§ **EXERCISE DESCRIPTION**
Sort through the data and copy the lines holding the word "that".

§ **RECORD SET**
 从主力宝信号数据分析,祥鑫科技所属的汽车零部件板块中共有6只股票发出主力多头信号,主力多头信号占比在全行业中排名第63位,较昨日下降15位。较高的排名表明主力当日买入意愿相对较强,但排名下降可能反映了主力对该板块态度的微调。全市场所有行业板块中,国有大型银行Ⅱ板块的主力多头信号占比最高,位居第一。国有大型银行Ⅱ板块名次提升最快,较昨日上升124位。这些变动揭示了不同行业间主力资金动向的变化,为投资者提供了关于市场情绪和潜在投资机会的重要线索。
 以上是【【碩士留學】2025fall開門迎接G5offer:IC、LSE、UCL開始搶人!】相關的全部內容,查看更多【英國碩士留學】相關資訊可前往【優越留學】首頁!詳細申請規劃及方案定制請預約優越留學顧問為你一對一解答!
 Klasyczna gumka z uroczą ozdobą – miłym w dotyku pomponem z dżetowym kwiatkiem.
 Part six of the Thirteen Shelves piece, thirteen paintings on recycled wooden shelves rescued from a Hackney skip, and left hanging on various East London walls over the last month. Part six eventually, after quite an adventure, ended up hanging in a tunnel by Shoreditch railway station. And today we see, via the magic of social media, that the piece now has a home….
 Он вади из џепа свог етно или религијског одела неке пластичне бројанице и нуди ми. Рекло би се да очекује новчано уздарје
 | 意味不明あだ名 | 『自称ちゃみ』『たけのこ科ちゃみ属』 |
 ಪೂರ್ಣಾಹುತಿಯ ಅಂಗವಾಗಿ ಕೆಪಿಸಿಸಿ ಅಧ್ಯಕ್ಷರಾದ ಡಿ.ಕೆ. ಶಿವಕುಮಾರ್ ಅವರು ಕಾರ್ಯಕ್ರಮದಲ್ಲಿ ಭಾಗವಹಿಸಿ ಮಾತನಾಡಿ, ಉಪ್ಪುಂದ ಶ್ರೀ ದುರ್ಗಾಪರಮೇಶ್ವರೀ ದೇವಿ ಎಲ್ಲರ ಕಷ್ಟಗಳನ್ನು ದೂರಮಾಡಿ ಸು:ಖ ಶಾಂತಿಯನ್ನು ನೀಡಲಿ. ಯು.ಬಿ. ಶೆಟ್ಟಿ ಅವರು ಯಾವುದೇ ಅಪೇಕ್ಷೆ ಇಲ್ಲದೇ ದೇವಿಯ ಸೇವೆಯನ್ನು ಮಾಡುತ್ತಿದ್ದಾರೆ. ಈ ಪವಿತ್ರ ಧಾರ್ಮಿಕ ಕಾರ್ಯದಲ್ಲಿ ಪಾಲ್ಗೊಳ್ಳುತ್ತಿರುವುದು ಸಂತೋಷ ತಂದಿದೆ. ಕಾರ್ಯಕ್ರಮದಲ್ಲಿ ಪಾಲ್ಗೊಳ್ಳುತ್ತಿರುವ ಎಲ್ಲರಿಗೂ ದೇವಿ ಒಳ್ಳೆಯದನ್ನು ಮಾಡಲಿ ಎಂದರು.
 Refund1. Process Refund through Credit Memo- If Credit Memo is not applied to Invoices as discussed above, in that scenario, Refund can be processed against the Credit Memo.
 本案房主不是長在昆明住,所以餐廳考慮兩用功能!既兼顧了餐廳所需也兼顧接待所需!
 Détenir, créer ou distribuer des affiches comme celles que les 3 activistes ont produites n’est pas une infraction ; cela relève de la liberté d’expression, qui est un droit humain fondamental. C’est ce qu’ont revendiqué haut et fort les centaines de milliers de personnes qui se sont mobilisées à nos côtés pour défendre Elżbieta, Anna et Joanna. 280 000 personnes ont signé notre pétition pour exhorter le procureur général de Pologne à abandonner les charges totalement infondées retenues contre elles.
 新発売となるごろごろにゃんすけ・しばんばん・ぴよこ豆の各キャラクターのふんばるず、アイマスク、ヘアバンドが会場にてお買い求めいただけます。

§ **RESULT BELOW**
 Part six of the Thirteen Shelves piece, thirteen paintings on recycled wooden shelves rescued from a Hackney skip, and left hanging on various East London walls over the last month. Part six eventually, after quite an adventure, ended up hanging in a tunnel by Shoreditch railway station. And today we see, via the magic of social media, that the piece now has a home….
 Refund1. Process Refund through Credit Memo- If Credit Memo is not applied to Invoices as discussed above, in that scenario, Refund can be processed against the Credit Memo.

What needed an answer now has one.